32nm Overlay Improvement Capabilities

The industry is facing a major challenge looking forward on the technology roadmap with respect to overlay control. Immersion lithography has established itself as the POR for 45nm and for the next few nodes. As the gap closes between scanner capability and device requirements new methodologies need to be taken into consideration. Double patterning lithography is an approach thats being considered for 32 and below, but it creates very strict demands for overlay performance. The fact that a single layer device will need to be patterned using two sequential single processes creates a strong coupling between the 1st and 2nd exposure. The coupling effect during the double patterning process results in extremely tight tolerances for overlay error and scanner capabilities. The purpose of this paper is to explore a new modeling method to improve lithography performance for the 32nm node. Not necessarily unique for double patterning, but as a general approach to improve overlay performance regardless of which patterning process is implemented. We will achieve this by performing an in depth source of variance analysis of current scanner performance and project the anticipated improvements from our new modeling approach. Since the new modeling approach will involve 2nd and 3rd order corrections we will also provide and analysis that outlines current metrology capabilities and sampling optimizations to further expand the opportunities of an efficient implementation of such approach.

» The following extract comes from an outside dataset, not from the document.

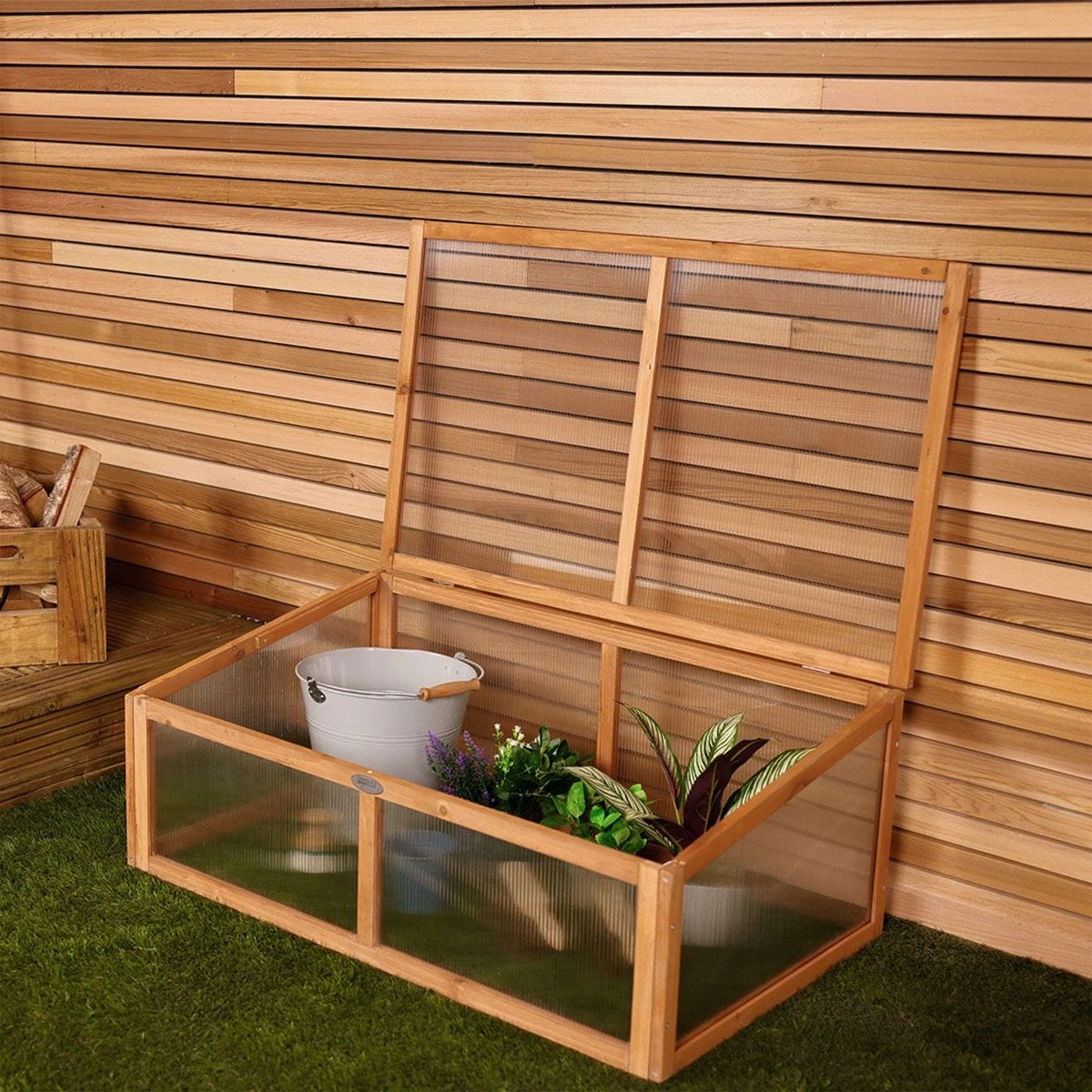 Not only does it provide great growing conditions, it also offers protection to the elements and animals. Manufactured with FSC wood it complies with the highest social and environmental standards. The hinged lid and locking stay help to make tending to your plants easy and it’s double layered polycarbonate panelling help to protect young growing plants.

Simultaneous dose and focus monitoring on product wafers

As the design rules shrink below 130nm it will become increasingly important to monitor and control focus and dose in-line, on product wafers to maintain the ever-decreasing process window. On process layers today, it is not uncommon to see focus related errors equaling between 50-100nm in magnitude. Today these errors go undetected and CD changes are typically corrected by making a dose correction to the exposure tool. However, corrections using dose can lead to significantly smaller process latitude and therefore, products out of spec. Using a technique that was first developed by Christopher Ausschnitt at IBM Microelectronics it is possible to monitor focus and dose on production layers with a single compact target. Extending this technology on an advanced optical tool allows for precise measurements of focus and dose errors. This paper will describe the methodology of inline focus and dose monitoring using this technique on 130nm process technology with an outlook on the expectations for future nodes. Results, including focus and dose sensitivity from multiple process steps on production wafers will be shown.

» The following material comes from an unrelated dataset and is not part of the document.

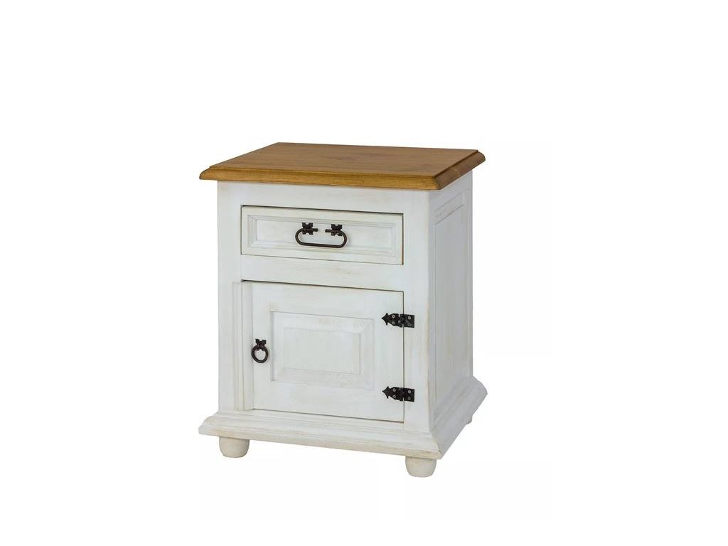 Nočný stolík CORDOBA 15 je vyrobený z masívneho borovicového dreva a ošetrený voskom v bielej alebo dvojfarebnej kombinácii podľa vášho želania. Zadná časť je vyrobená zo sololitu. Komoda pozostáva z dvoch zásuviek s pôvodnými úchytkami, ktoré sú upevnené na drevených koľajničkách. Komoda stojí na štyroch guľovitých nohách.

Litho cell control using MPX

Optimal lithographic process control involves a closely coupled combination of test wafer and product wafer characterization. It has been shown in previous work that MPX (Monitor Photo Excursion) optical technology for line-end-shortening metrology of focus and dose provides reliable and low cost product monitor solution. In this work we apply MPX technology to litho cell monitor and control on test wafers. Focus-exposure matrix (FEM) wafers are measured and analyzed automatically on a routine basis. Process window parameters are tracked over time by scanner, including spatial analysis of results across the scanner field such as tilt and curvature. Improvements in litho cell control are discussed.

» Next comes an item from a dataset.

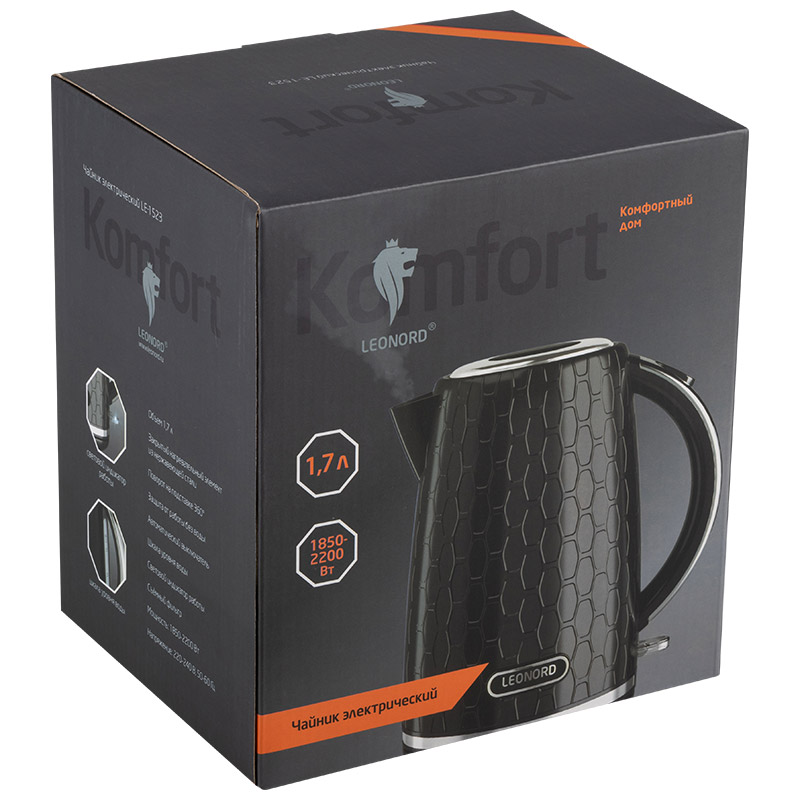 Мощность 1850-2200 Вт. Объем 1,7 л. Корпус из пластика. Закрытый нагревательный элемент из нержавеющей стали. Поворот на подставке 360°. Защита от работы без воды Автоматический выключатель. Шкала уровня воды. Световой индикатор работы. Съемный фильтр. Гарантия 2 года. Длина шнура 72 см.

Edge die focus-exposure monitoring and compensation to improve CD distributions

As design rules shrink and process windows become smaller, it is increasingly important to monitor exposure tool focus and exposure in order to maximize device yield. Economic considerations are forcing us to consider nearly all methods to improve yield across the wafer. For example, it is not uncommon in the industry that chips around the edge of the wafer have lower yield or device speed. These effects are typically due to process and exposure tool errors at the edge of the wafer. In order to improve yield and chip performance, we must characterize and correct for changes in the effective focus and exposure at the edge. Monitoring focus and exposure on product wafers is the most effective means for correction, since product wafers provide the most realistic view of exposure tool interactions with the process. In this work, on-product monitoring and correction is based on optical measurement using a compact line end shortening (LES) target that provides a unique separation of exposure and focus on product wafers. Our ultimate objective is indirect CD control, with maximum yield and little or no impact on productivity.

Yield loss in lithographic patterning at the 65nm node and beyond

Parametric yield loss is an increasing fraction of total yield loss. Much of this originates in lithography in the form of pattern-limited yield. In particular, the ITRS has identified CD control at the 65nm technology node as a potential roadblock with no known solutions. At 65nm, shrinking design rules and narrowing process windows will become serious yield limiters. In high-volume production, corrections based on lot averages will have diminished correlation to device yield because APC systems will dramatically reduce error at the lot and wafer levels. As a result, cross-wafer and cross-field errors will dominate the systematic variation on 300mm wafers. Much of the yield loss will arise from hidden systematic variation, including intra-wafer dose and focus errors that occur during lithographic exposure. In addition, corollary systematic variation in the profiles of critical high-aspect-ratio structures will drive requirements for vertical process control. In this work, we model some of the potential yield losses and show how sensitive focus-exposure monitors and spectroscopic ellipsometry can be used to reduce the impact of hidden error on pattern limited yield, adding tens of millions of dollars in additional revenue per factory per year.